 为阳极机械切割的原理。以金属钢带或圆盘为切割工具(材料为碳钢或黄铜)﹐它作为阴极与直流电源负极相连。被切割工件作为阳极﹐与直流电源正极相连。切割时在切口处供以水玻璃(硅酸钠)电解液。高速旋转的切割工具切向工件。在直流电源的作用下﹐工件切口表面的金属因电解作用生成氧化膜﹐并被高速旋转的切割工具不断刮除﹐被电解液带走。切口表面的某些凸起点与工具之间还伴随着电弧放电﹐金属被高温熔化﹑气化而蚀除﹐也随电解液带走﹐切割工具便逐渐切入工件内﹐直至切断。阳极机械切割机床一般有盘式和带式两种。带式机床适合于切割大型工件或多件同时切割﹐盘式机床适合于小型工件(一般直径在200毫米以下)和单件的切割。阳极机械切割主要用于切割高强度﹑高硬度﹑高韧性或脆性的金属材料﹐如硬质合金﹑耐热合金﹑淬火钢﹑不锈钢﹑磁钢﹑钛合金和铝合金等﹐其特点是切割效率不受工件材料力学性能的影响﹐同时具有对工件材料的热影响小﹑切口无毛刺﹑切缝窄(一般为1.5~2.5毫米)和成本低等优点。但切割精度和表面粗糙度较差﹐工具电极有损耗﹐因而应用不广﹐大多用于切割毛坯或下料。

----------

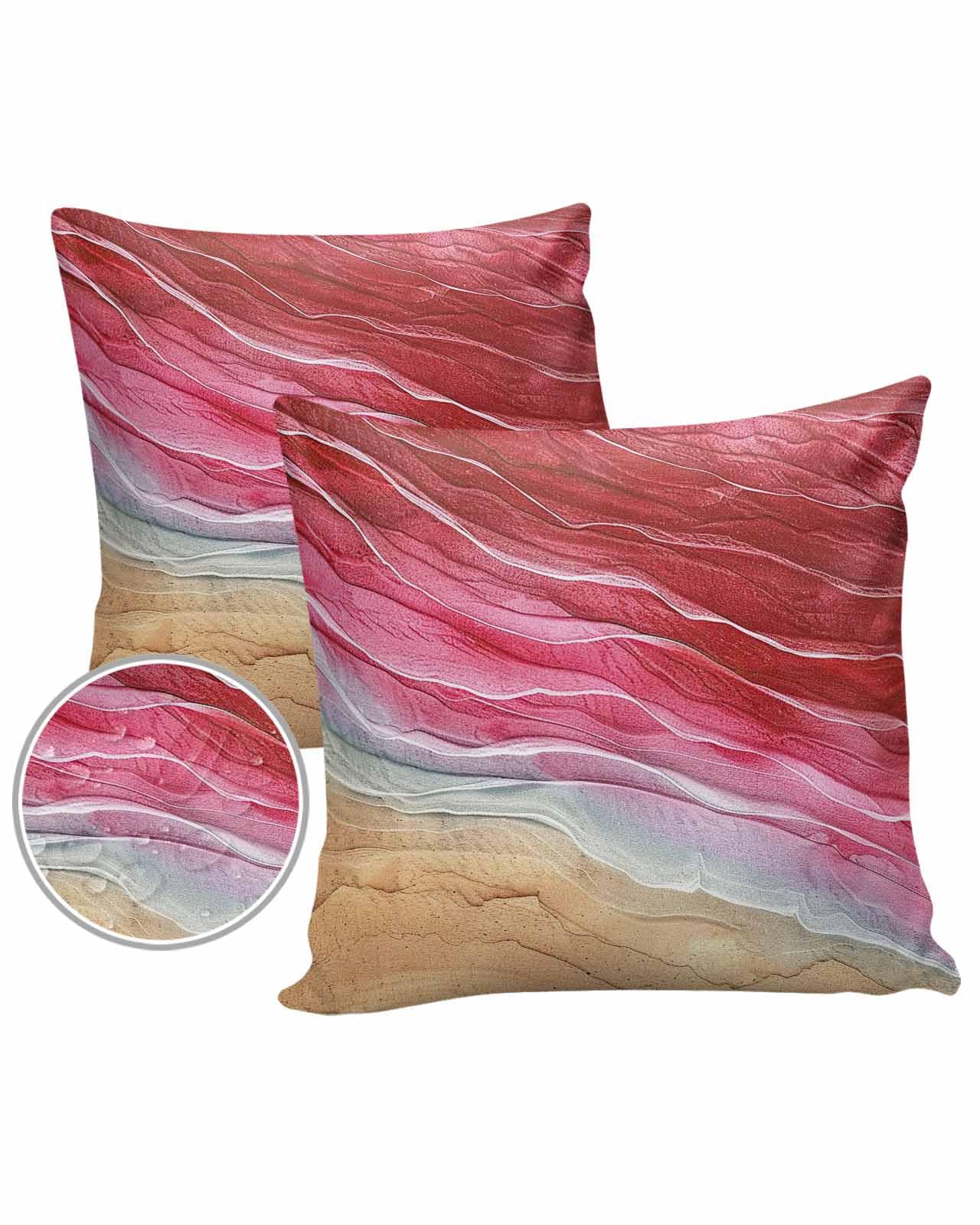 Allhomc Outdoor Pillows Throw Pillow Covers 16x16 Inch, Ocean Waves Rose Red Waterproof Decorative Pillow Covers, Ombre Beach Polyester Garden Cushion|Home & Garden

----------

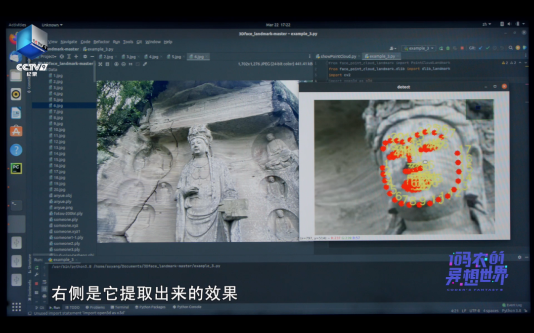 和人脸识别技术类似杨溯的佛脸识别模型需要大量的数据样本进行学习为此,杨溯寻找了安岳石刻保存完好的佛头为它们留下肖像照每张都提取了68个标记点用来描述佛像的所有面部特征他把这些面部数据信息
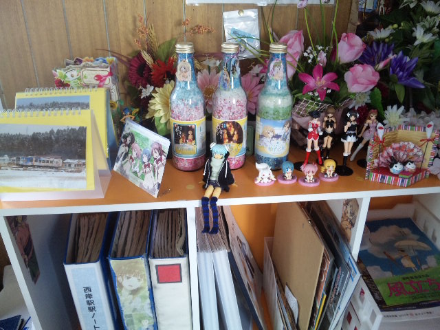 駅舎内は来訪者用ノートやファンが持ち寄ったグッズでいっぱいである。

----------

▶ _ACTIVITY_:
Within the data above, repeat exactly the lines from the one bearing "和人脸识别技术类似杨溯的佛脸" through the one bearing "駅舎内は来訪者用ノートやファンが持ち寄ったグッズでいっぱいである。". Include no pictures and nothing else.

▶ _TASK RESULT_:
 和人脸识别技术类似杨溯的佛脸识别模型需要大量的数据样本进行学习为此,杨溯寻找了安岳石刻保存完好的佛头为它们留下肖像照每张都提取了68个标记点用来描述佛像的所有面部特征他把这些面部数据信息
 駅舎内は来訪者用ノートやファンが持ち寄ったグッズでいっぱいである。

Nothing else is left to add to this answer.